Life Insurance Corporation of India’s reported proposal to acquire a 40 per cent stake in the loss-making IDBI Bank may face regulatory headwinds as the former has an equity stake in many large companies the latter has given loans to, raising the possibility of breaching regulators’ caps on equity holding in case the loans get converted into equity.

Market experts say that in the aforementioned scenario, the market and insurance regulators may take a dim view of the common shareholding of the public sector life insurer and the public sector bank as they will be seen as acting in concert.

Moreover, they feel that in case loans given by the insurance behemoth and the bank to the same entities in India Inc turn sour, it could have implications for the former as policy-holders’ funds will be at stake.

Further, if the life insurer acquires a 40 per cent stake in IDBI Bank, it may have to shed its stakes in other banks. As of March-end 2018, LIC had stakes in a host of banks, including State Bank of India (9.98 per cent), ICICI Bank (12.38 per cent), Axis Bank (14 per cent), Punjab National Bank (12.24 per cent), Corporation Bank (13.03 per cent) and Bank of India (8.77 per cent).

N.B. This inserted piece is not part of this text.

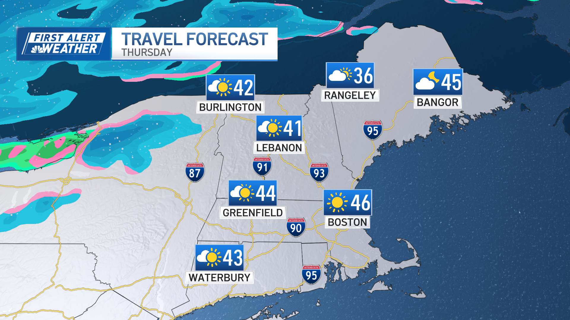 Rain scooted out quickly this morning on this busy travel day. We’re left with a lot of clouds, a smidge of sunshine, and very mild temperatures. Highs could reach to 60/61 with enough sun. Breezes will be light and travel across New England will be in fine shape.

Experts underscore that the banking regulator may not be comfortable with an insurer holding a large stake in a bank and at the same time having stakes in a slew of banks.

As at March-end 2018, the government and LIC held 80.96 per cent and 10.82 per cent, respectively, in IDBI Bank.

IDBI Bank is grappling with bad loans, which have reached 27.95 per cent of its gross advances. It needs a huge amount of capital to clean up its balance sheet and meet minimum regulatory capital requirements.

In FY2018, the bank received a capital infusion amounting to ₹12,865 crore (₹4,590 crore from the government; ₹7,881 crore again from the government via recapitalisation bonds; and ₹394 crore from LIC).